Tech Blog
What is a Visit? Why We Don't Use Raw Claims Data
August 26, 2025 at 3:58 PM"Not a game; not the game that I go out there and die for, we talking about practice?!"
- Allen Iverson
At Trilliant Health, we talk with a lot of vendors, clients, prospects and other people in the healthcare industry about claims data. This is because, for at least a decade, raw claims have underpinned most market and strategic analyses. Frankly, we think everyone is talking about the wrong thing.
The way most people (patients, providers, analysts) think about and consume healthcare is at the "event" level; e.g., a joint procedure, an annual checkup or a colonoscopy. Claims do not provide this view. Claims are created to receive payment for services rendered; they are receipts of what goods and services were sold, not what was done with those goods and services (covered in a previous article, if you want to read more).
Imagine trying to figure out exactly what a family ate for dinner in a week by analyzing their grocery store receipt. You see they’ve purchased chicken, beef, tortillas and bread. Chicken fajitas one night then burgers the next? Chicken sandwiches and ground beef tacos? Chicken caesar wraps and sloppy joes? You couldn’t say for certain what meals they had, and you certainly can’t aggregate that data across families to make any predictions about what meals are being made across the country.

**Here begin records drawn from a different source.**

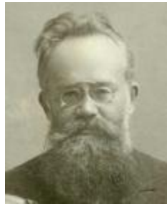
Fig. 1. The civically-minded Ukrainian historian M. Grushevskiy

The civically-minded Ukrainian people are offended by etymology of the word УКРАИНА = ОКРАИНА (BORDERLANDS), even according to M. Grushevskiy (History of Ukraine-Russia) (Fig. 1).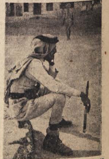
Orientalni fatalizem se kaže tudi v drži tega saudskoarabskega prometnega stražnika, ki sedi ob cestnem robu, kakor da mu je ves promet kaj malo mar

Prometni stražniki v posameznih deželah dajejo potniku s svojo uniformo in z nastopom prvi vtis o nacionalnem značaju dežele. Z nekaj posnetki posredujemo bralcem značilnosti prometnih stražnikov na cestnih križiščih v nekaterih deželah.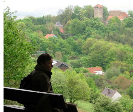
Blick auf die Schaumburg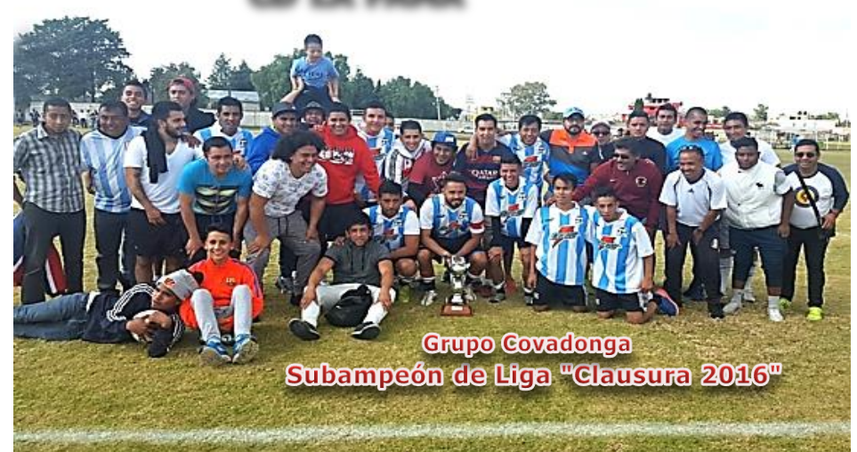
Grupo Covadonga Subampeón de Liga "Clausura 2016"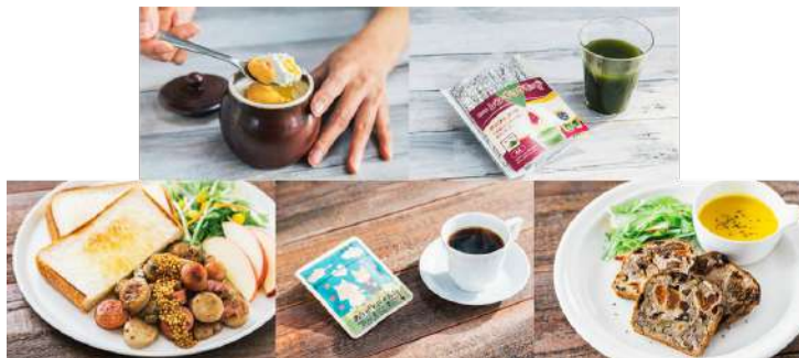
(制作イメージ) 東京都町田市さま 事業者の商品紹介写真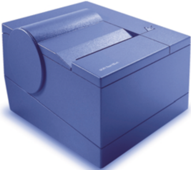
IBM SureMark 프린터 TF6/TF7 모델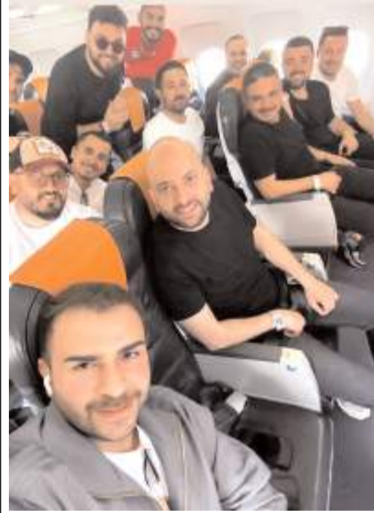
Yönetimde dün takımla birlikte Bodrum'a uçtu

Bu akşam saat 20'de başlayacak maçın ardından ise kırmızı siyahlı takım Bodrum havalanına geçerek burda kalkacak özel uçak ile Merzifon Havalanına inecek ve Çorum'a dönerek rövanş maçının hazırlıklarına başlayacak.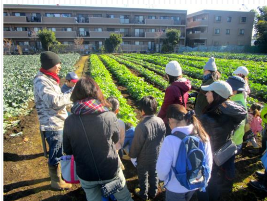
▲「大蔵大根を収穫体験！親子で学ぶみたかの農業」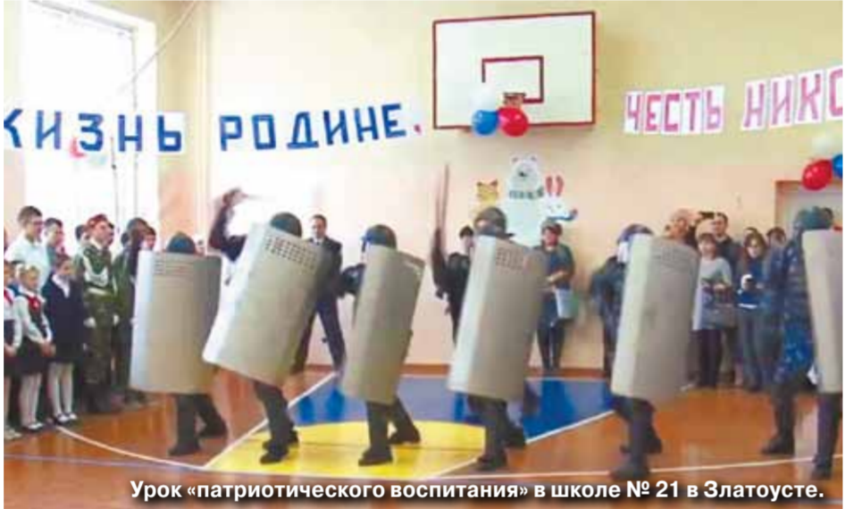
Урок «патриотического воспитания» в школе № 21 в Златоусте.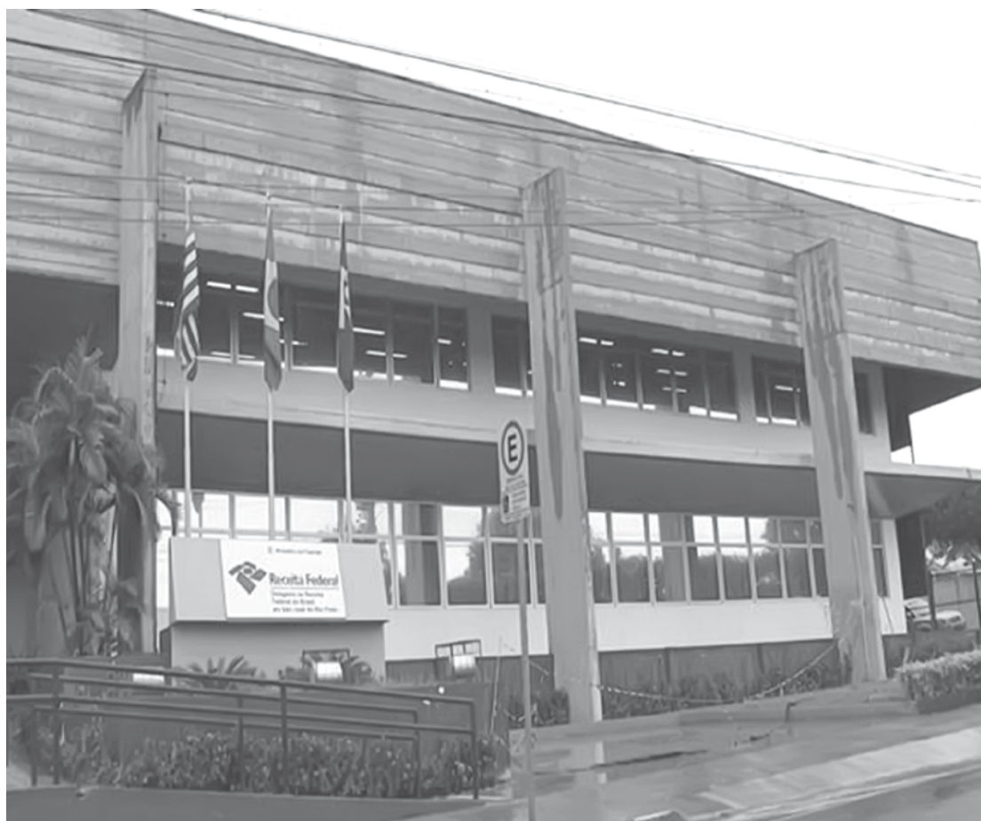
Fernandópolis pertence à jurisdição da Delegacia da Receita Federal, em São José do Rio Preto

O termo malha fina é uma abstração ao processo de verificação de inconsistências da declaração do imposto IRPF e IRPJ, age como uma espécie de "peneira" para os processos de declarações que estão com alguma pendência, impossibilitando a sua restituição, e em alguns casos resultando em investigação.

We call this "event-level" view a Visit: a patient saw a provider at a specific place, for a period of time, for one or more procedures. That is is what you, the person using the data, actually cares about. A Visit is the most effective way to represent healthcare activity, because it mirrors how people naturally think about healthcare and how we consume it. It provides an intuitive building block to create analyses, rather than sifting through a pile of claim "receipts" in order to guess at the meal.
But why? Why does it matter that the structure of the data aligns with how we think about it? For surface level analyses, it doesn’t matter that much. If all you want is a count of how many times Provider X performed procedure Z in year YYYY, it can be pretty straightforward to get that answer out of claims data. Once the question gets even slightly complex, however, raw claims really show their flaws:
- What if you want to know how many times Provider X performed procedure Z, but at a specific location? You can’t rely on professional claims to accurately reflect the site of service; they largely provide billing addresses.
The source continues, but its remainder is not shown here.